The subject matter claimed herein is not limited to embodiments that solve any disadvantages or that operate only in environments such as those described above. Rather, this background is only provided to illustrate one example technology area where some embodiments described herein may be practiced.
SUMMARY
In general, example embodiments described herein relate to a thread tensioner for a sewing machine. The example thread tensioner disclosed herein may include a knob, first and second disks between which a thread may be positioned, a spring configured to exert a force against the second disk, and a sensor. As the knob is rotated, causing the length of the spring to be shortened or lengthened, the sensor may be configured to track a current length of the spring. The current length of the spring may be used to determine the current amount of force that the spring is exerting on the second disk, and the corresponding current tension being applied to the thread that is positioned between the first and second disks. The current tension can be displayed to a user in real time, which may enable a user to rotate the knob to the precise rotational position that corresponds to an optimal tension for a particular type of thread.
In one example embodiment, a thread tensioner for a sewing machine includes a first disk, a second disk, a spring, a mechanism, and a sensor.
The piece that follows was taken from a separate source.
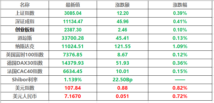 23、股市及外汇行情一览表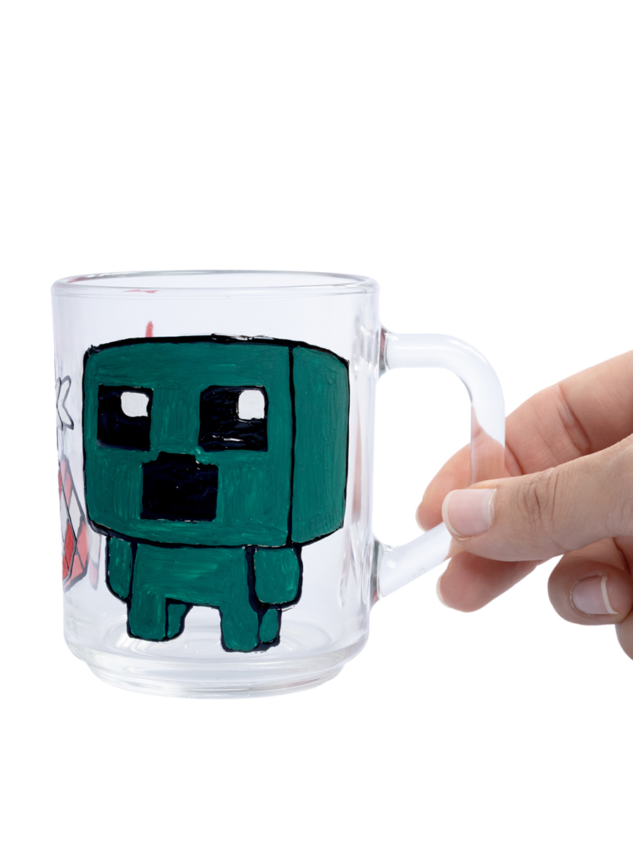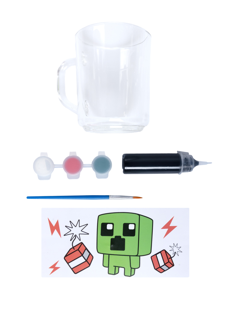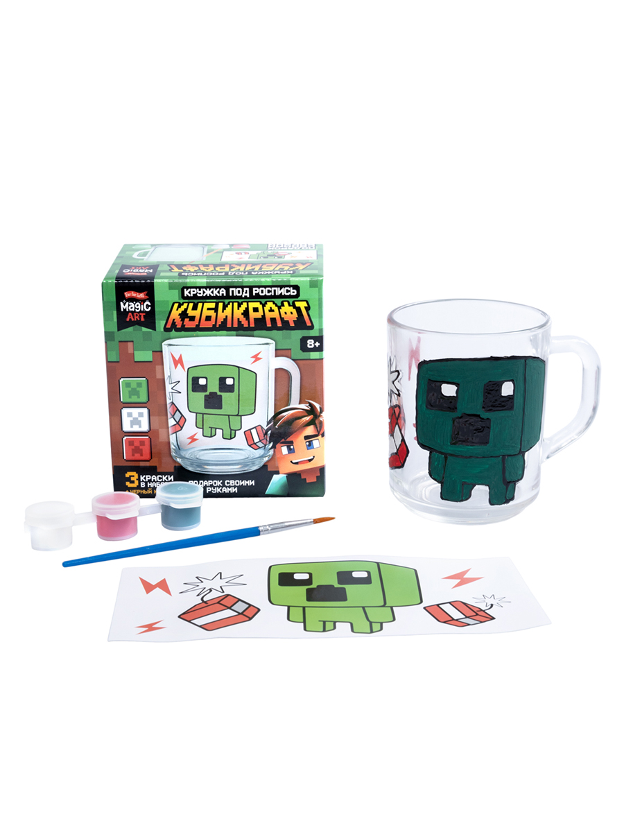 Кружка под роспись «Кубикрафт» обязательно увлечёт вашего ребёнка яркими цветами и оригинальным исполнением! Используя шаблон, Вы сможете сделать неповторимую композицию с любимым персонажем на стеклянной поверхности. Кроме того, необычно оформленная кружка может стать великолепным подарком близким и друзьям. Состав набора:

The second disk is positioned next to the first disk. The spring is configured to apply tension to a thread positioned between the first disk and the second disk by exerting a force against the second disk. The spring defines a first end, a second end, and a length between the first end and the second end. The mechanism is configured to cause the length of the spring to shorten and to allow the length of the spring to lengthen. The sensor is configured to track a current length of the spring by measuring a dimension of at least a portion of the spring.
In yet another example embodiment, a sewing machine includes a spool holder, a needle bar configured to have a needle attached thereto, an electric motor, a thread tensioner, a processor, and a display device. The electric motor is configured, while the needle is threaded with a top thread from a spool on the spool holder, to repeatedly drive the threaded needle through a fabric to form a row of stitches in the fabric. The thread tensioner includes a first disk, a second disk, a spring, a mechanism, and a sensor. The second disk is positioned next to the first disk. The spring is configured, while the top thread is positioned between the first disk and the second disk, to apply tension to the top thread by exerting a force against the second disk. The spring defines a first end, a second end, and a length between the first end and the second end. The mechanism is configured to cause the length of the spring to shorten and to allow the length of the spring to lengthen. The sensor is configured to track a current length of the spring by measuring a dimension of at least a portion of the spring. The processor is in electronic communication with the sensor and is configured to determine a current tension that the first disk is exerting on the top thread given the current length of the spring. The display device is in electronic communication with the processor and is configured to display the current tension.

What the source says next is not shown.